== What is expected ==
Starting with the line below that holds "Your RPU bill" and stopping after the line that holds "Von Anbau über", transcribe the lines exactly, leaving out all pictures.

————————

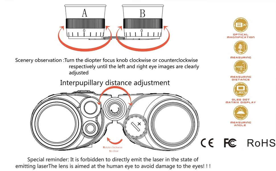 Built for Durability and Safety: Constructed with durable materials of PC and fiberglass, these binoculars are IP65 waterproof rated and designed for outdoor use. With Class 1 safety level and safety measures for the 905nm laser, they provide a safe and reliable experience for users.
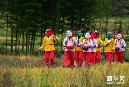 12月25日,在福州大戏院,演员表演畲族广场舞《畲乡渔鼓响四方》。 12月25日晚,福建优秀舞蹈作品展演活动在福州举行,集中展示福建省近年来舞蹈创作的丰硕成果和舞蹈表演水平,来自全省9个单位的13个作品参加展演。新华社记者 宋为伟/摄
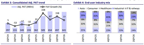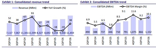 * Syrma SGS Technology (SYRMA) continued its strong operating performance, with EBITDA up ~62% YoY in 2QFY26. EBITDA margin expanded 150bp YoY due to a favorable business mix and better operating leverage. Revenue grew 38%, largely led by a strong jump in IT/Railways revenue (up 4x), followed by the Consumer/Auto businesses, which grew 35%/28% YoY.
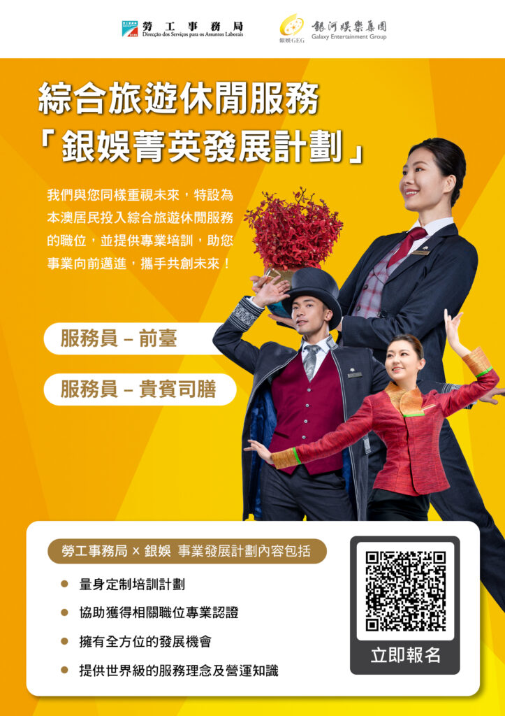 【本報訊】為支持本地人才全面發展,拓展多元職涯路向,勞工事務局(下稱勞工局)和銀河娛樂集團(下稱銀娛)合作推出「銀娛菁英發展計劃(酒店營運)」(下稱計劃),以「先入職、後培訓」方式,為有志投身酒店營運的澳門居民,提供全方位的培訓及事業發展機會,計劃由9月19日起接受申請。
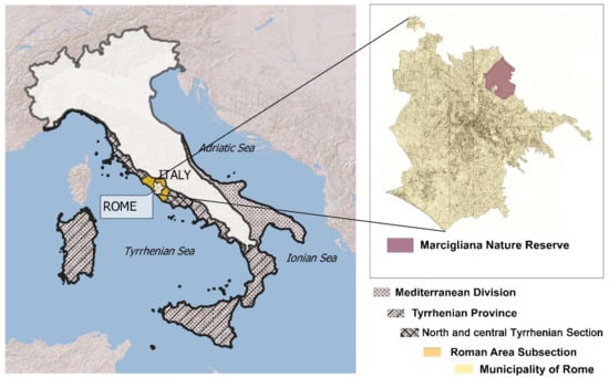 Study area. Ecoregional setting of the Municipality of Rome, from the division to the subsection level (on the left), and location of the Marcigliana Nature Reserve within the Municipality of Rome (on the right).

————————

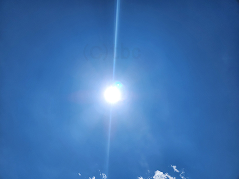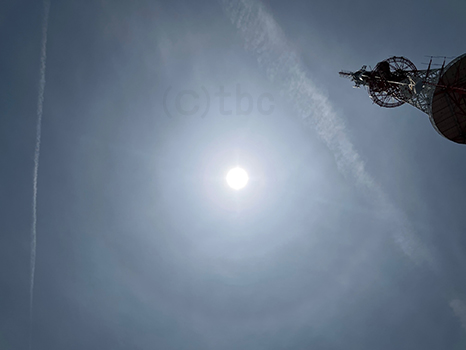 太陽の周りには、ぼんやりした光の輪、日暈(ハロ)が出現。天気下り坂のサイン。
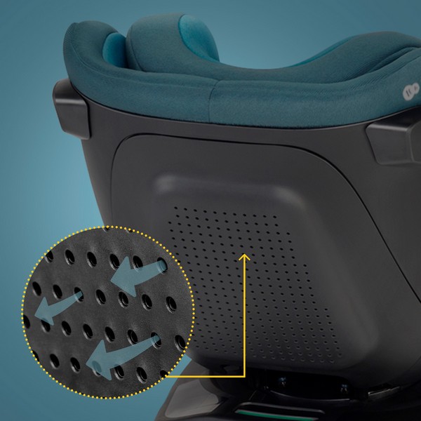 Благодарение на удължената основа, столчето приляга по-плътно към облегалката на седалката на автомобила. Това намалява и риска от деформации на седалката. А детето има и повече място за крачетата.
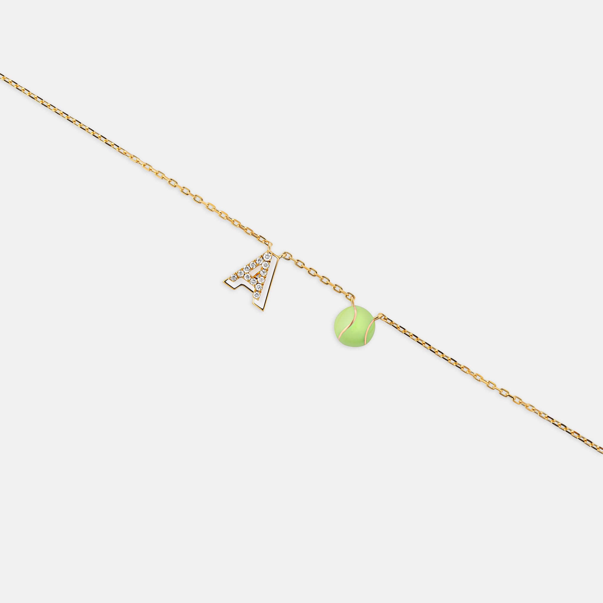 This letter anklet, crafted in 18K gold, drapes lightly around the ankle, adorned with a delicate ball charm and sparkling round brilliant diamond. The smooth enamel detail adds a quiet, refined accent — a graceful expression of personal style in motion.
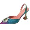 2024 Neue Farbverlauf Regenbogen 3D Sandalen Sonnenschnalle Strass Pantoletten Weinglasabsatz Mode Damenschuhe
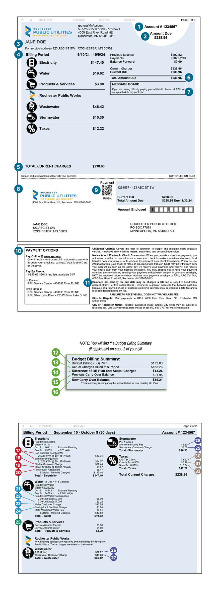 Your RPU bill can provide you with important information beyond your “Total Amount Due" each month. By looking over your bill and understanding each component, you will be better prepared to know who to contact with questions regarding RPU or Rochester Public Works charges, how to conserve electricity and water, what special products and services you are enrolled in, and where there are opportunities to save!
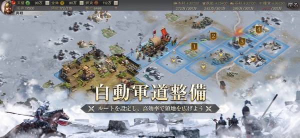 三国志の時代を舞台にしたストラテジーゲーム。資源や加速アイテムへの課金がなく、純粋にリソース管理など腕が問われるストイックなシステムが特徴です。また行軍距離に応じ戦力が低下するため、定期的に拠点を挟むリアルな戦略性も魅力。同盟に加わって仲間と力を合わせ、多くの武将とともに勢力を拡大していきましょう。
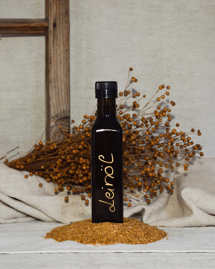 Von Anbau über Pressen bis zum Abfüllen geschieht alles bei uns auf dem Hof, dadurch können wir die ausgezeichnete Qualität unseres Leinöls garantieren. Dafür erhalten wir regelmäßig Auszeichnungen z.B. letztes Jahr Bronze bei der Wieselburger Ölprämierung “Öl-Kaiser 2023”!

————————

== Expected answer ==
 Your RPU bill can provide you with important information beyond your “Total Amount Due" each month. By looking over your bill and understanding each component, you will be better prepared to know who to contact with questions regarding RPU or Rochester Public Works charges, how to conserve electricity and water, what special products and services you are enrolled in, and where there are opportunities to save!
 三国志の時代を舞台にしたストラテジーゲーム。資源や加速アイテムへの課金がなく、純粋にリソース管理など腕が問われるストイックなシステムが特徴です。また行軍距離に応じ戦力が低下するため、定期的に拠点を挟むリアルな戦略性も魅力。同盟に加わって仲間と力を合わせ、多くの武将とともに勢力を拡大していきましょう。
 Von Anbau über Pressen bis zum Abfüllen geschieht alles bei uns auf dem Hof, dadurch können wir die ausgezeichnete Qualität unseres Leinöls garantieren. Dafür erhalten wir regelmäßig Auszeichnungen z.B. letztes Jahr Bronze bei der Wieselburger Ölprämierung “Öl-Kaiser 2023”!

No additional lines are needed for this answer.